Deploying custom foundation models in IBM watsonx.ai
You can upload and deploy a custom foundation model for use with watsonx.ai™ inferencing capabilities.
Deploying a custom foundation model provides the flexibility for you to implement the AI solutions that are right for your use case. The deployment process differs slightly depending on the source of your custom foundation model.
It is best to get the model directly from the model builder. One place to find new models is Hugging Face, a repository for open source foundation models used by many model builders.
Watch this video to see how to set up storage for the custom model, load the model into the storage, and register the model to make it available for deployment.
This video provides a visual method to learn the concepts and tasks in this documentation.
Deploying custom foundation models
You must prepare the custom foundation model and upload the model to PVC storage. After storing the model, you must register the model with watsonx.ai.
The following graphic shows the process followed by a system administrator:
When you complete the storage and registration process, the MLOps engineers can deploy the custom foundation mode and prompt engineers can use the deployed model for prompting. For more information, see Deploying custom foundation models in the IBM watsonx.ai and watsonx.governance™ documentation.
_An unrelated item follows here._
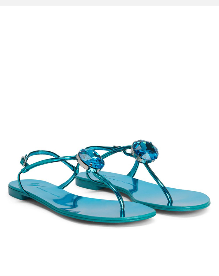 Giuseppe Zanotti 女士签名徽标中跟夹趾凉鞋 蓝色 E400004002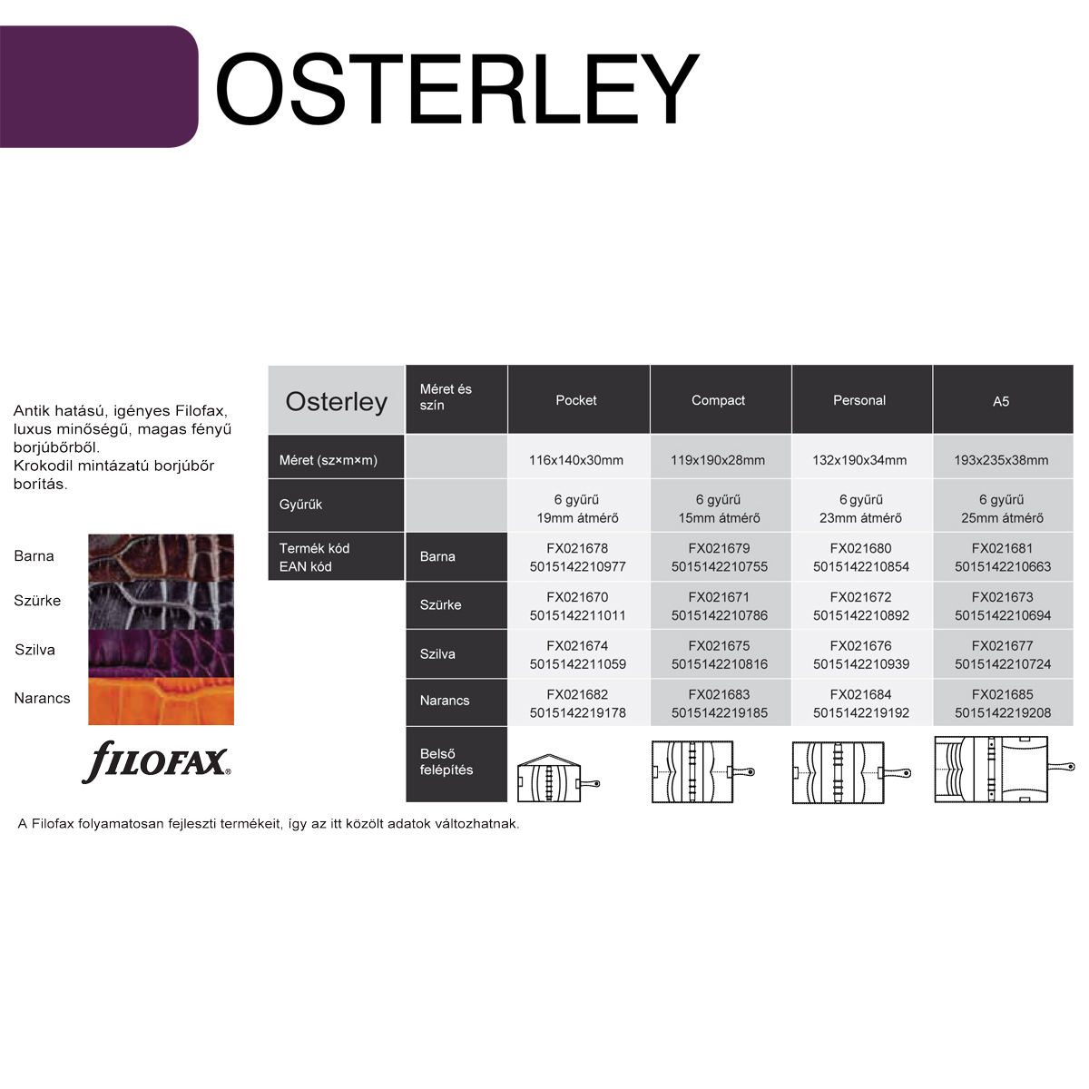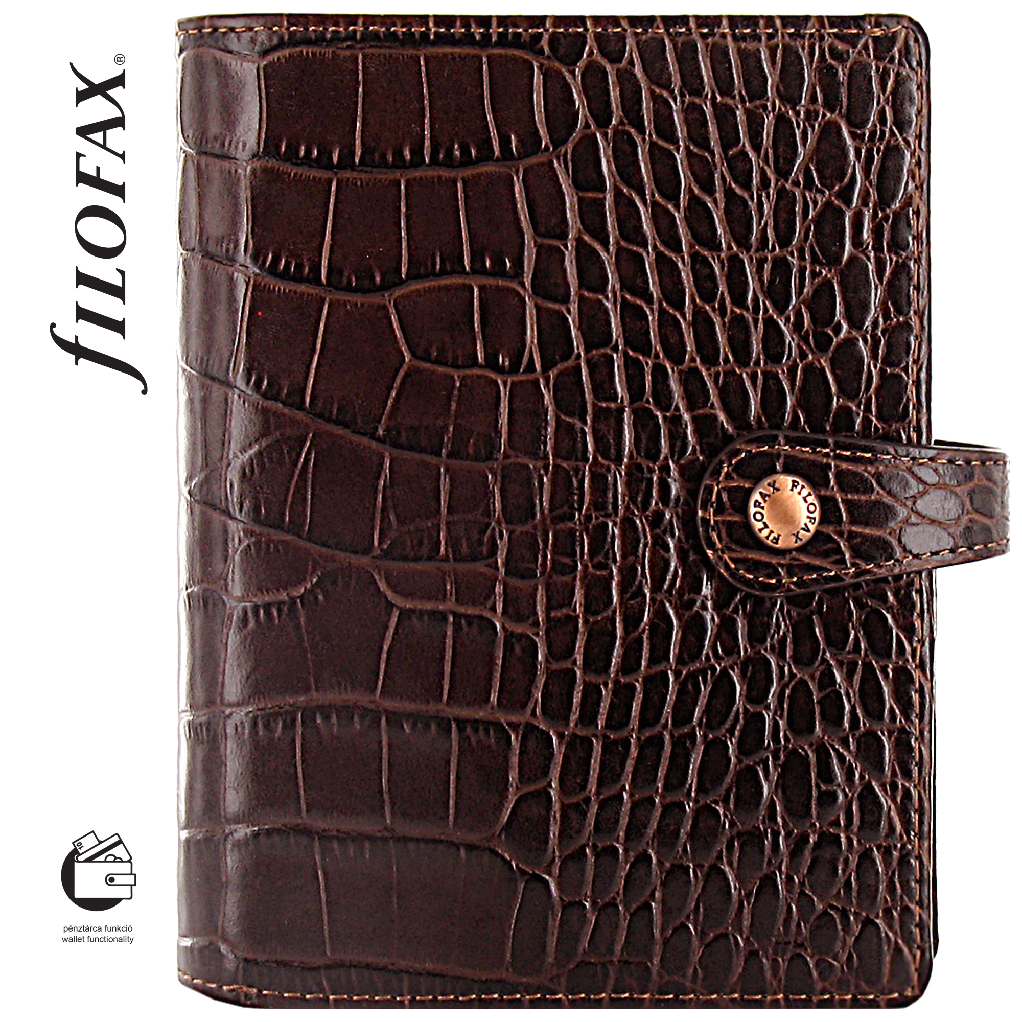 Tűnjön ki a tömegből az Osterley Filofax gyűrűs kalendáriummal! Luxus minőségű, krokodilbőr-mintázatú olasz borjúbőr borító, kézi kidolgozású, két-tónusú felülettel. Speciális kialakítású belső, mely mind üzleti, mind szabadidős célokra kiváló. A Pocket méret pénztárca funkcióval rendelkezik.

Preparing the model and uploading to PVC storage
The vLLM inferencing server provides an optimized inference runtime for serving many popular foundation model architectures. Certain models are not yet supported, though. To enable usage of these custom foundation models, you must add or build a custom inference runtime image for your custom foundation model.
- Review the supported architecture frameworks, hardware specifications, and software specifications for custom foundation models. See Planning to deploy a custom foundation model.
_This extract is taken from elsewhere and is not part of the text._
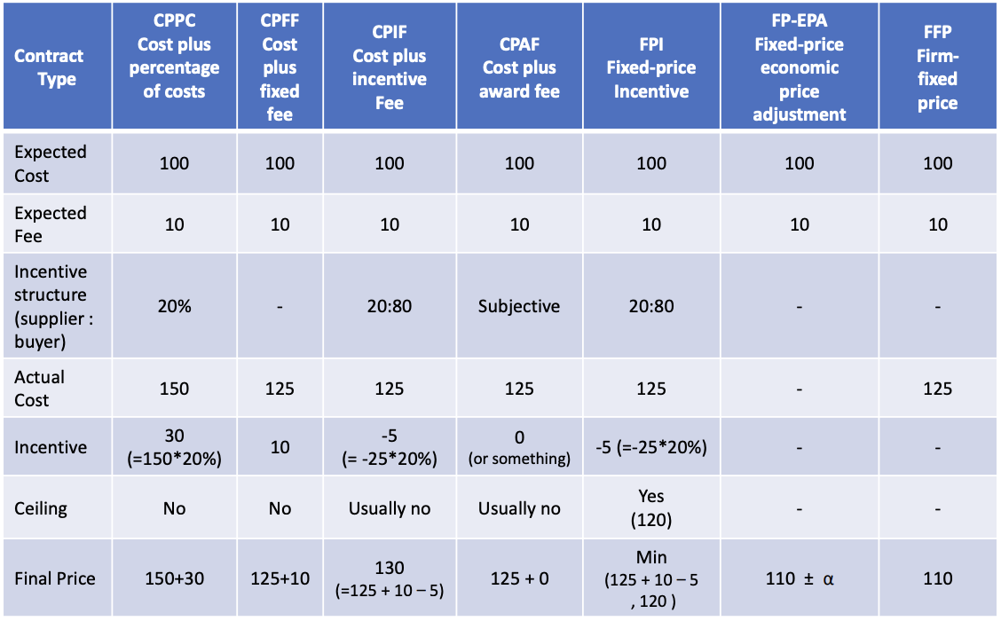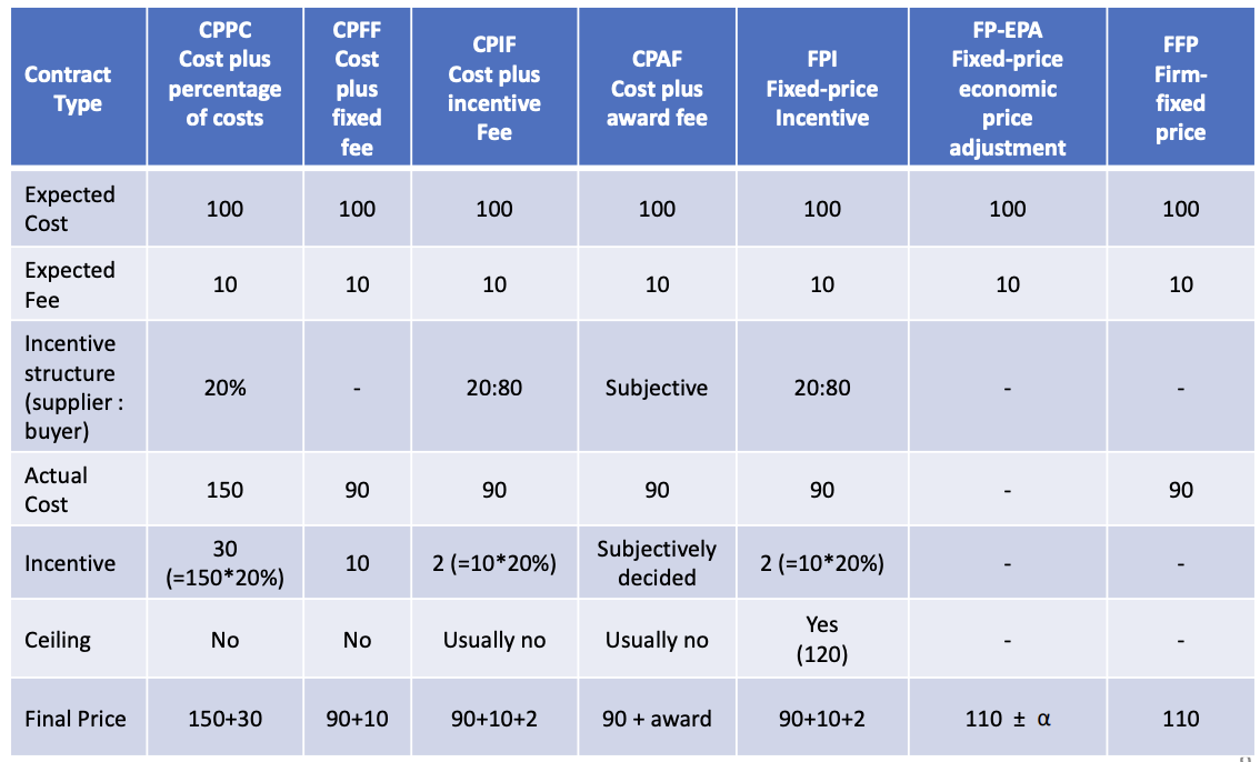 - Cost-reimbursable contracts(비용 상환 계약) : involve payment to the seller for direct and indirect costs (구매자가 실제 비용 + 일정 수수료(이익)를 공급자에게 상환)

- Add or build a custom inference runtime image for your custom foundation model (only models that are not yet supported by the standard vLLM inference server). See Building a custom inference runtime image for your custom foundation model.
- Set up a storage repository for hosting the model and then upload the model to the storage repository. See Setting up storage and uploading the model.
- Register the custom foundation model to use with watsonx.ai. See Registering a custom foundation model
For a watsonx.ai lightweight engine installation, you follow different steps to add custom foundation models. For details, see Adding custom foundation models to watsonx.ai lightweight engine.